ROC curve analysis and the AUC with cutoff values for response to CRT for the FIB‐5 index (A), the FIB‐4 index (B), NFS (C), and multivariable model including all independent predictors for response to CRT (LAD, SPWMD ≥ 130 ms, LVPEP ≥ 140 ms, i‐Index ≥ 2000, QRS duration ≥ 150 ms, CLBBB, and FIB‐5 index ≥ −4.00) (D). The blue line in (D) indicates a curve of the FIB‐5 index as a reference. AUC, area under the curve; CI, confidence interval; CRT, cardiac resynchronization therapy; CLBBB, complete left bundle branch block; FIB‐5, fibrosis‐5; FIB‐4, fibrosis‐4; LAD, left atrial diameter; LVPEP, left ventricular pre‐ejection period; NFS, nonalcoholic fatty liver disease fibrosis score; ROC, receiver‐operating characteristic; SPWMD, septal‐to‐posterior wall motion delay.

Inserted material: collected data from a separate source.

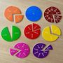 Des kits pour apprendre les fractions ! Du matériel individuel à manipuler par l'élève, pour travailler les fractions (nouvelle notion du programme 2025 cycle 2), avec : 4 kits de 39 pièces chacun. Fractions 1/10, 1/8, 1/6, 1/5, 1/4, 1/3, 1/2 et 1/1. Recto : avec indication de la fraction , verso : sans. 1 couleur par fraction, diamètre 9 cm. Les couleurs de Vivre les maths et Tandem CE !
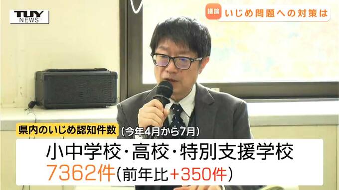 会議では、今年4月から7月までに県内の小中学校、高校、特別支援学校で確認されたいじめの件数が、去年の同じ時期よりも350件多い7362件になったことが報告されました。
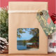 Pegatina de fotografía con barcos turísticos tradicionales y coloridos en el lago Bled bajo un castaño en colores otoñales en un paisaje otoñal en Eslovenia.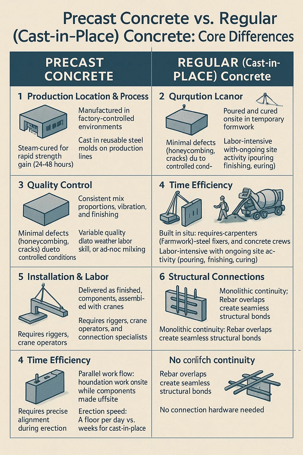 프리캐스트 콘크리트와 일반(현장타설) 콘크리트: 핵심 차이점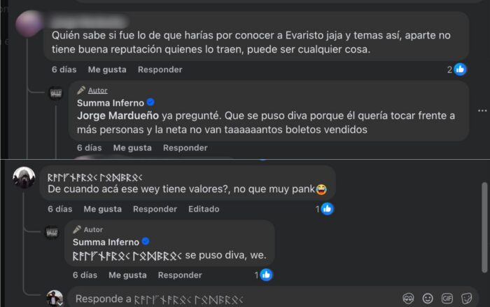 Con este mismo discurso la página Summa Inferno realizó comentarios con información engañosa, señalando que la cancelación se dio porque Evaristo quería tocar frente a mucha gente y llamándolo “diva”.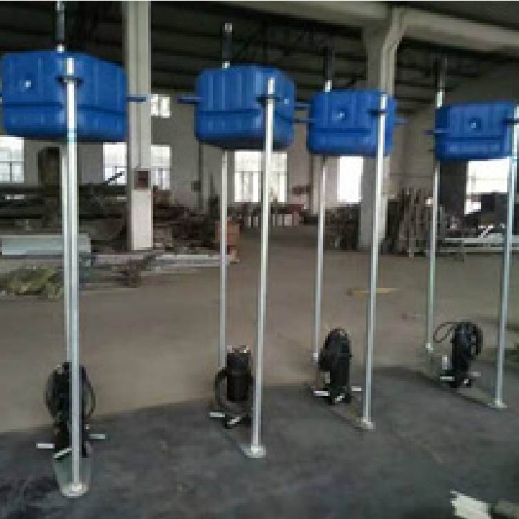 Buoyant aeration machines are a new type of submersible aeration pump, which is an improvement on the existing submersible centrifugal aeration pump. They replace the original installation method, which relies on the pump's own weight for positioning at the bottom of the pool, with a design that uses dual inlet pipes and is suspended in the water surface by a buoyant buoy. Installation and maintenance are simple, and there is no need to enter the pool; the equipment can be lifted out directly.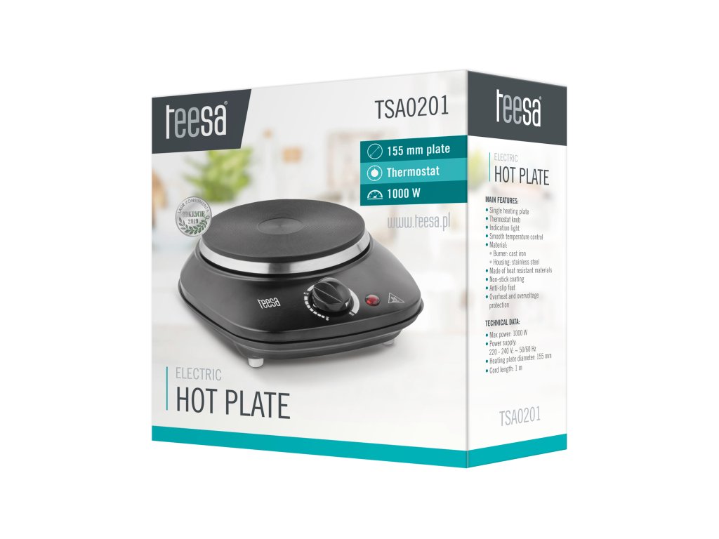 Vă interesați de o mică plită electrică portabilă pentru parcelă sau camping Alegeți modelul Teesa TSA0201 cu o putere de 1000 W și un arzător din fontă. Cu o temperatură maximă de până la 530 °C, fierbe rapid apa pentru ceai și cafea și pregătește micul dejun sau cina pentru întreaga familie. Controlul convenabil al plitei portabile Teesa este asigurat de un buton al termostatului cu indicator luminos. Calitatea înaltă a plitei turistice portabile Teesa este evidențiată de materialele rezistente la căldură folosite. TSA0201 este realizată din oțel inoxidabil cu suprafață antiaderentă, care facilitează considerabil curățarea. Funcționarea stabilă și sigură este garantată de picioarele antiderapante și funcția de protecție la supraîncălzire și supratensiune.

Comparison of Baseline Characteristics According to the Cutoff Value of the FIB‐5 Index
3.3
The population was classified into two groups according to the cutoff value of the FIB‐5 index (FIB‐5 index ≥ −4.00 [n = 116], and FIB‐5 index < −4.00 [n = 87]). The patient characteristics of the two groups are shown in Table 2. The patients with the response to CRT were more frequent in the FIB‐5 index ≥ −4.00 group than in the FIB‐5 index < −4.00 group (86 patients [74%] vs. 37 [43%], p < 0.001). The FIB‐5 index ≥ −4.00 group was younger (65.1 ± 12.8 years vs. 68.9 ± 9.8 years, p = 0.016), and had lower brain natriuretic peptide (BNP) levels (326.7 [160.4–454.5] pg/mL vs. 428.7 [222.3–760.3] pg/mL, p = 0.004), TRPG (27.6 ± 10.0 mmHg vs. 34.5 ± 13.0 mmHg, p = 0.003), and RVP (30.9 ± 8.3 mmHg vs. 37.0 ± 11.9 mmHg, p = 0.004) than those in the FIB‐5 index < −4.00 group. Furthermore, the FIB‐5 index ≥ −4.00 group used more ACE‐I or ARB than the FIB‐5 index < −4.00 group (91 patients [78.4%] vs. 57 patients [65.5%], p = 0.045). Table S1 compares echocardiographic results 6 months after CRT/CRT‐D implantation between the FIB‐5 index ≥ −4.00 group and the FIB‐5 index < −4.00 group. The FIB‐5 index ≥ −4.00 had higher LVEF (37.5 ± 11.6% vs. 34.0 ± 10.2%, p = 0.018), and lower LVEDV (160.6 ± 67.6 mL vs. 191.9 ± 92.0 mL, p = 0.013), LVESV (106.4 ± 60.2 mL vs. 132.8 ± 80.7 mL, p = 0.018), and TRPG (23.0 ± 9.1 mmHg vs. 29.9 ± 11.2 mmHg, p = 0.001) than those in the FIB‐5 index < −4.00 group. In addition, the response rate among patients with CLBBB and a wide QRS duration > 150 ms was 85% (50 out of 59 patients) in the high FIB‐5 index group, which was higher than the 73% (22 out of 30 patients) observed in the low FIB‐5 index group (p = 0.234).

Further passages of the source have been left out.